3 Investigating Measurement Error Patterns

Our first step is to look at the effect of different types of measurement error:

  • agnostic error, where \(\phi_{xy}\) does not depend on either \(X\) or \(Y\),
  • x-specific error, where \(\phi_{xy}\) depends on \(X\), but not \(Y\),
  • y-specific error, where \(\phi_{xy}\) depends on \(Y\), but not \(X\).

We look at different values of \(\phi_{xy}\) for each of the three cases.

plts <- spc_lst <- list()
method <- "IF"
solver <- "em"
for (pattern in c("agn", "x", "y")) {
  
  # specify the search space - agnostic, x-specific, and y-specific patterns
  spc <- search_space(pattern = pattern, method = method, 
                      fi = seq(0, 0.2, 0.05), k = k)
  
  # perform the search, using the Expectation-Maximization solver
  spc <- infer_search(dat = list(X=X, Y=Y, R=R), spc, solver = solver)
  
  # save the result
  spc_lst[[length(spc_lst) + 1]] <- spc
  
  # visualize the effect estimates
  plts[[length(plts) + 1]] <- spc_plot(spc)
}
cowplot::plot_grid(plotlist=plts, ncol = 3L)

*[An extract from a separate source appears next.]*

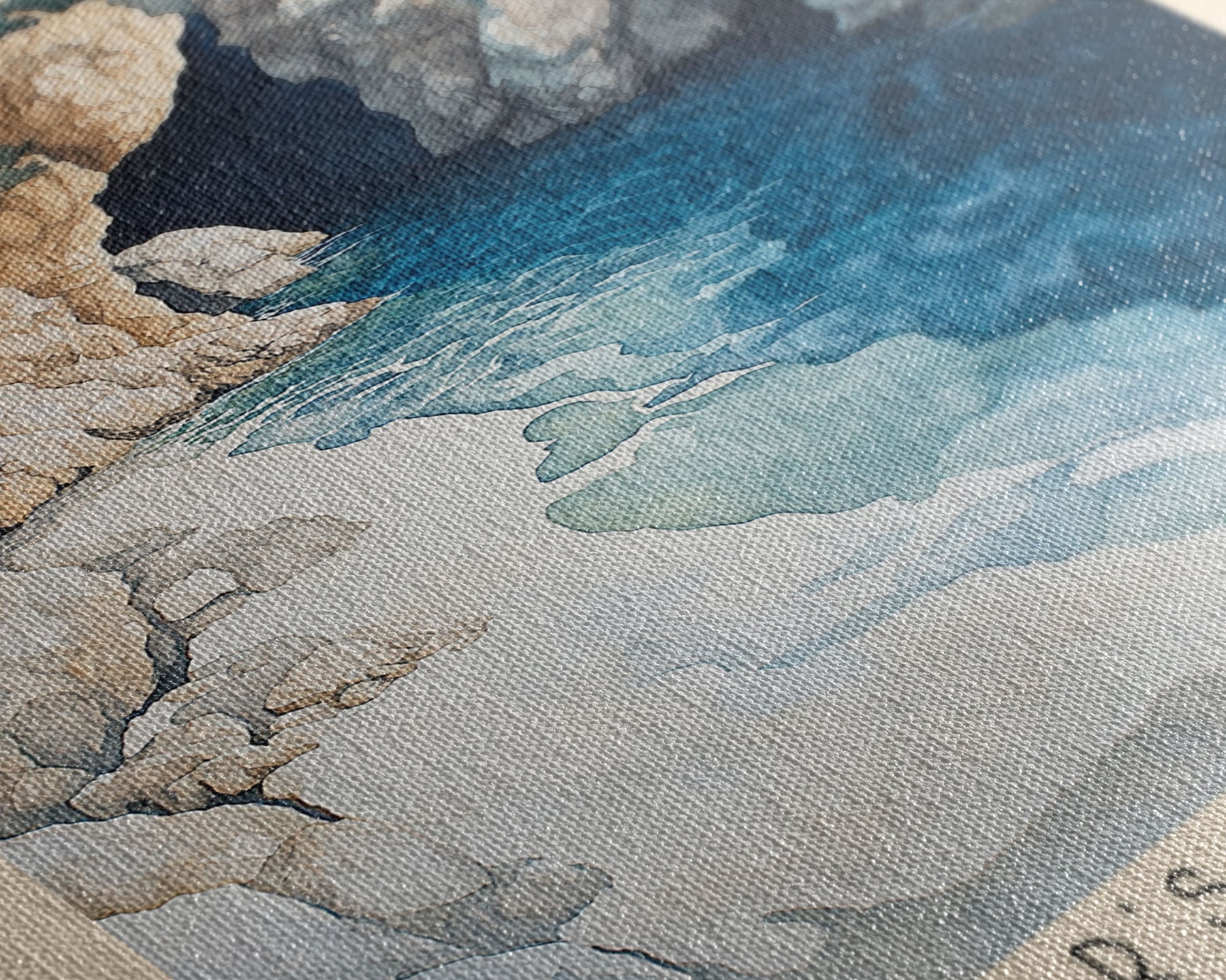 Most of our canvases are made in the USA, with the exception of canvases ordered with the light oak unstained frames, and any large canvases (24x48, 30x60, 16x48 and 20x60) ordered WITH a frame. These are temporarily made in and shipped from Europe, while we try to find a more consistent supplier in the USA.

Question: what are we observing in each of the plots. Comment on all three.

4 Age Association with Obesity

Our initial analysis does not take age into account. However, age is known to increase mortality (monotonically). Therefore, if age is associated with obesity, it may be an important confounder.

splm <- gam(bmi_all >= 25 ~ s(age), family = binomial, 
            data = data[, c("bmi_all", "age"), with=FALSE])
pse <- predict(splm, newdata = data.frame(age = 18:91), se.fit = TRUE)
expit <- function(x) exp(x) / (1 + exp(x))
gam_vals <- data.frame(
  px = expit(pse$fit), px_lwr = expit(pse$fit - 1.96 * pse$se.fit), 
  px_upr = expit(pse$fit + 1.96 * pse$se.fit), age = 18:91
)

raw_vals <- data[, .(px = mean(bmi_all >= 25), 
                     se = sqrt(mean(bmi_all >= 25) * (1 - mean(bmi_all >= 25)) / .N)), 
                 by = age]

ggplot(gam_vals, aes(x = age, y = px)) +
  geom_line(color = "orange", linewidth = 1.2) +
  geom_ribbon(aes(ymin = px_lwr, ymax = px_upr), alpha = 0.1) +
  theme_bw() + xlab("W (age in years)") + ylab("P(X = 1 | W = w)") +
  geom_point(data=raw_vals) +
  scale_y_continuous(labels = scales::percent)

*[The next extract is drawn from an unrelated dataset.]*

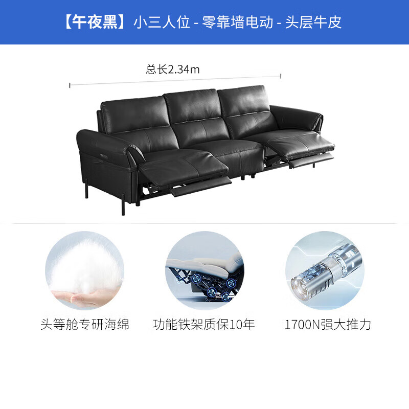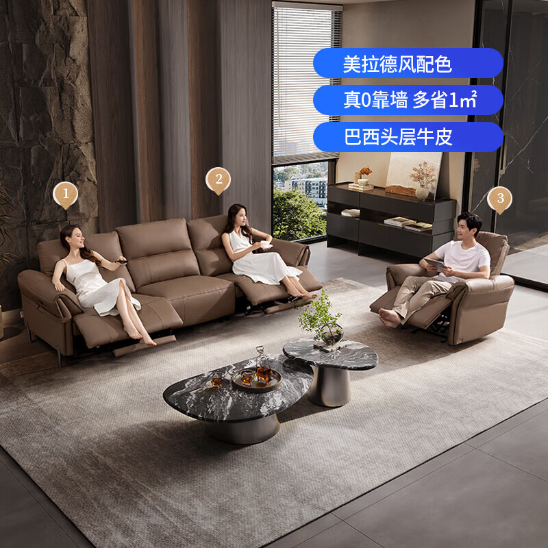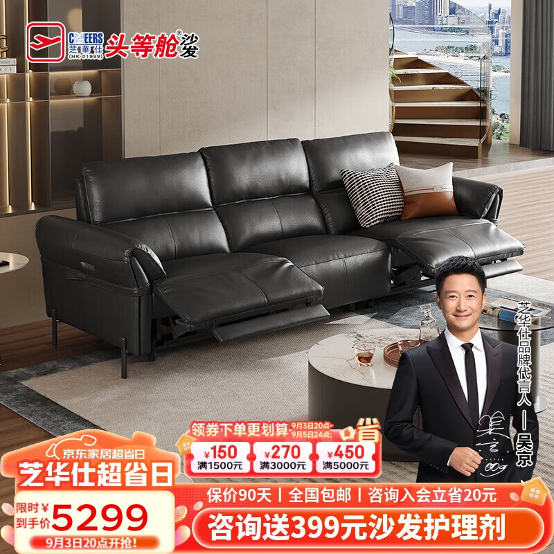 芝华仕(CHEERS)头等舱零靠墙意式轻奢真皮功能沙发美拉德客厅芝华士50795黑三价格:5299.00元!

Age has a U-shaped relationship with obesity.

5 Age-Based Analysis

We next re-run our analysis with age included. In particular, we make sure to include a \(W^2\) term in the logistic regression model for \(X\) – this is achieved by passing the tau_xw argument into the binsensate() function. We focus on the \(x\)-specific measurement error pattern, which previously showed a trend that may explain away the obesity paradox.

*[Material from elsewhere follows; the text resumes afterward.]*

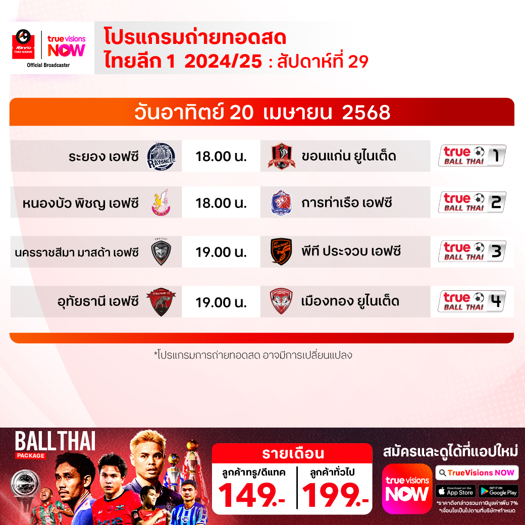 ระยอง เอฟซี พบ ขอนแก่น ยูไนเต็ด เวลา 18.00-20.00 ทางช่อง True Ball Thai 1

spc_dir_ifw <- search_space(pattern = "x", method = "IF", 
                            fi = seq(0, 0.1, 0.025), fi2 = 0, k = k)
  
spc_dir_ifw <- infer_search(list(X=X, Y=Y, R=R, W= W), spc_dir_ifw, solver = "em", 
                            se = TRUE, detect_viol = FALSE, mc_cores = 5,
                            tau_xw = function(w) w^2) # adds a W^2 term in X model
spc_plot(spc_dir_ifw)

Question: how do we interpret this plot?

Question: in summary, how likely are the different measurement error patterns?